エジプトの宗教関係問題担当大臣、ムハンマド・H・ザクズーク氏の提案したことは、実は平和的なゲリラ戦法なのだ。イスラム教にとってサウジアラビアのメッカやメジナに次ぐ、第三の聖地エルサレムへ多数のイスラム教徒が巡礼することを、イスラエル政府は止めることが出来ない。宗教の自由を犯すことになるからだ。

 しかし、多数のイスラム教徒のエルサレム巡礼を許可すれば、おのずからエルサレムがイスラム教徒にとって、どのような意味を持っているのかということが、世界中に知られることになる。

 同時に、そのことはイスラム教徒にとって、パレスチナ問題の重要性がどれだけ大きいか、ということを世界にアピールすることにもなるのだ。

 パレスチナ解放運動が、これまでエルサレムの解放を、世界のイスラム教徒に訴え、莫大な援助を引き出すことが出来てきたのは、こうした宗教的な理由からだ。

アラファト議長がエルサレムの解放を、パレスチナの解放と結びつけて訴えたのはこのためであり、世界のイスラム教徒はこれに呼応することが、宗教的義務になっているのだ。

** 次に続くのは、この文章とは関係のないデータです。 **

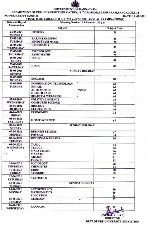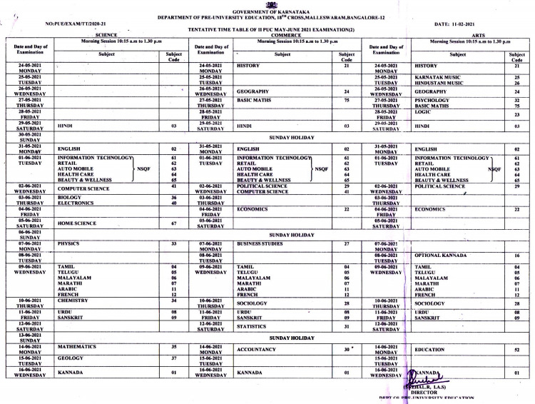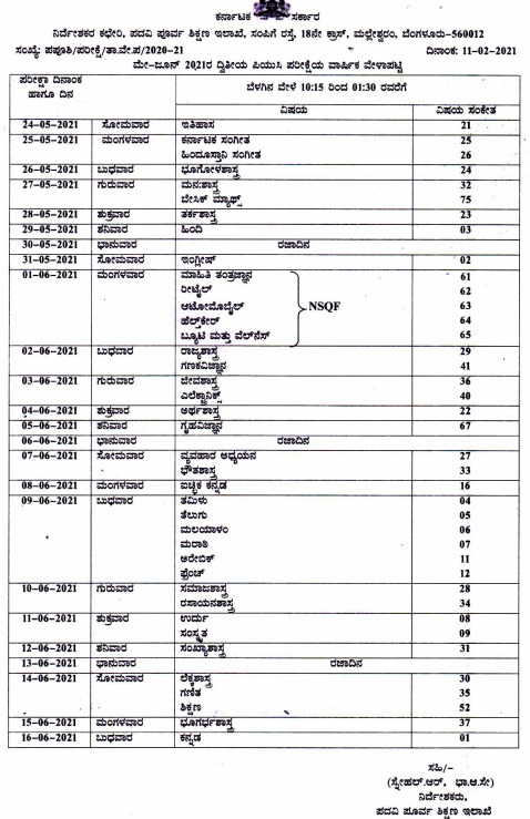 2020-21ನೇ ಸಾಲಿನ ಶೈಕ್ಷಣಿಕ ವರ್ಷದ ದ್ವಿತೀಯ ಪಿಯುಸಿ ಪರೀಕ್ಷೆಗಳ ಅಧಿಕೃತ ವೇಳಾಪಟ್ಟಿಯನ್ನು ಪ್ರಾಥಮಿಕ ಮತ್ತು ಪ್ರೌಢಶಿಕ್ಷಣ ಸಚಿವ ಎಸ್. ಸುರೇಶ್ ಕುಮಾರ್ ಪ್ರಕಟಿಸಿದ್ದು, ಪಿಯು ಪರೀಕ್ಷೆಗಳು ಮೇ. 24 ರಿಂದ ಜೂ. 16ರವರೆಗೆ ನಡೆಯಲಿವೆ ಎಂದು ತಿಳಿಸಿದ್ದಾರೆ.
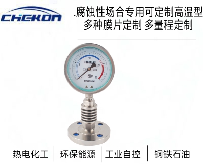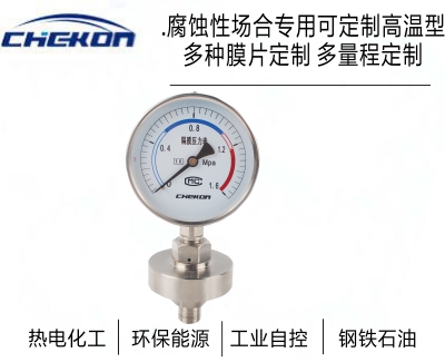 用隔離膜片將被測介質(zhì)與敏感元件分開的壓力表。
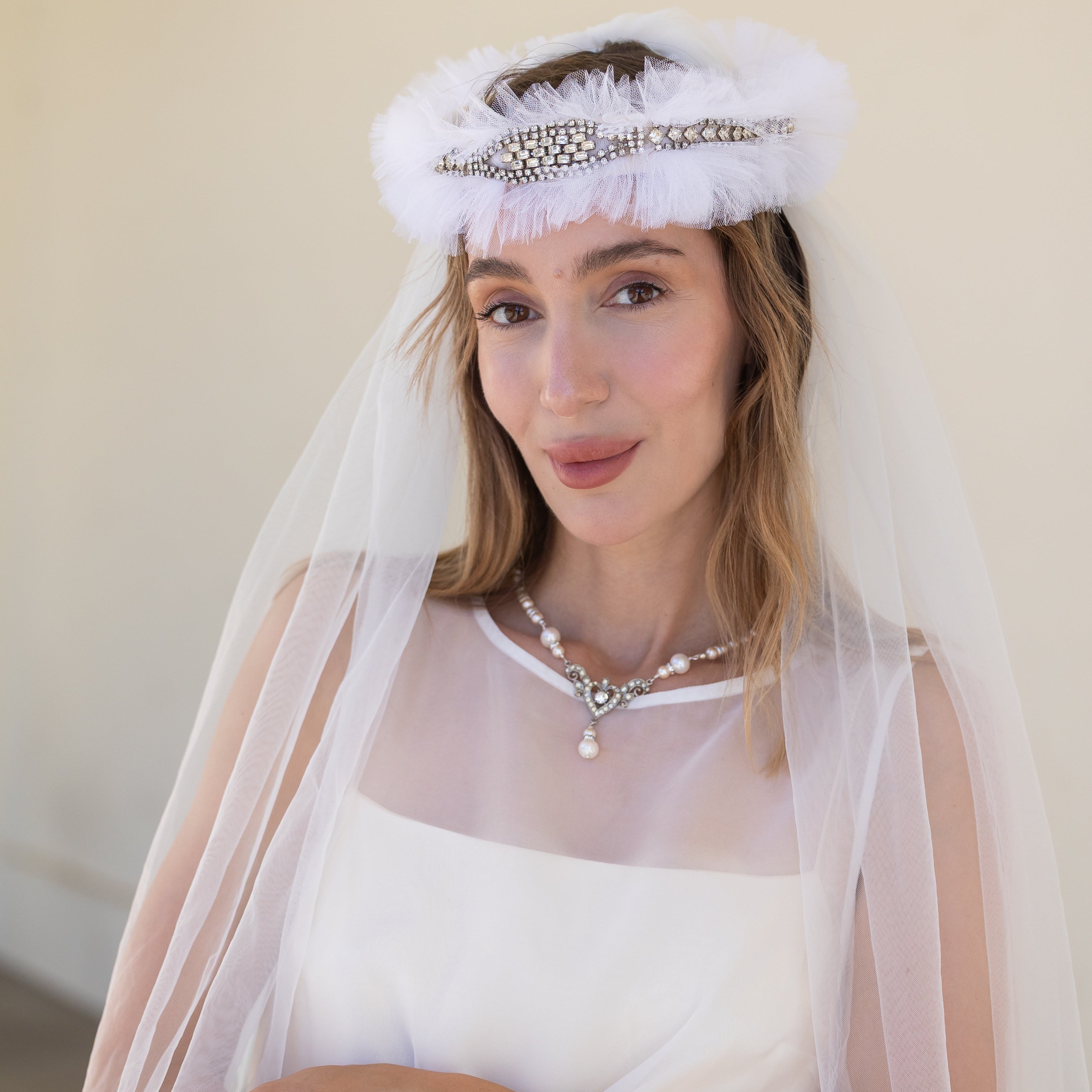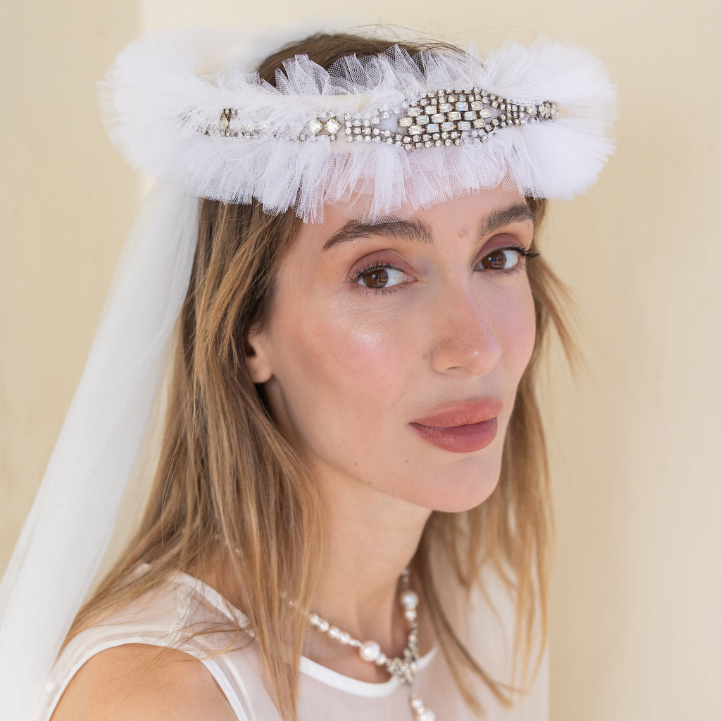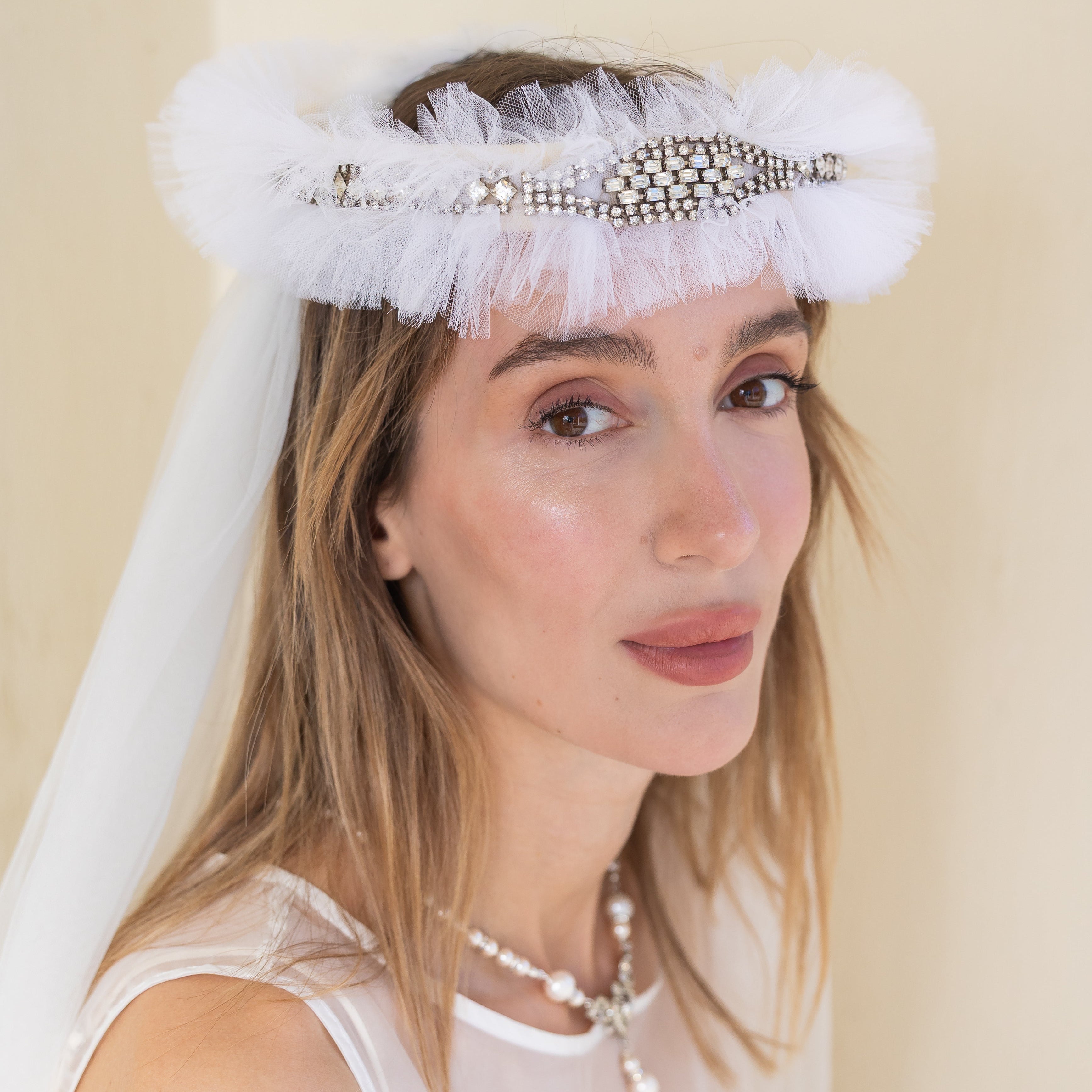 A dreamlike halo of soft white tulle and vintage-style rhinestones, crafted to bring ethereal sparkle to any bridal look. Lightweight, romantic, and beautifully dramatic—this piece frames the face with angelic softness and photographs like a dream.

しかし、現実にはアラファト議長のアピールも、後継者であるマハムード・アッバース議長の叫びも、何の効果ももたらさず、エルサレムのパレスチナ人居住区は、日に日にイスラエル側の侵食を許したままになっている。

ムハンマド・H・ザクズーク氏の平和的ゲリラ戦法に、世界のムスリムが呼応すれば、状況は激変するかもしれない。それは、エルサレムのパレスチナ人の経済状況改善にも役立とうし、イスラエルにとっても、観光収入が増すことになろう。

武装闘争だけが問題の解決ではないことを、同氏は訴えたのであろう。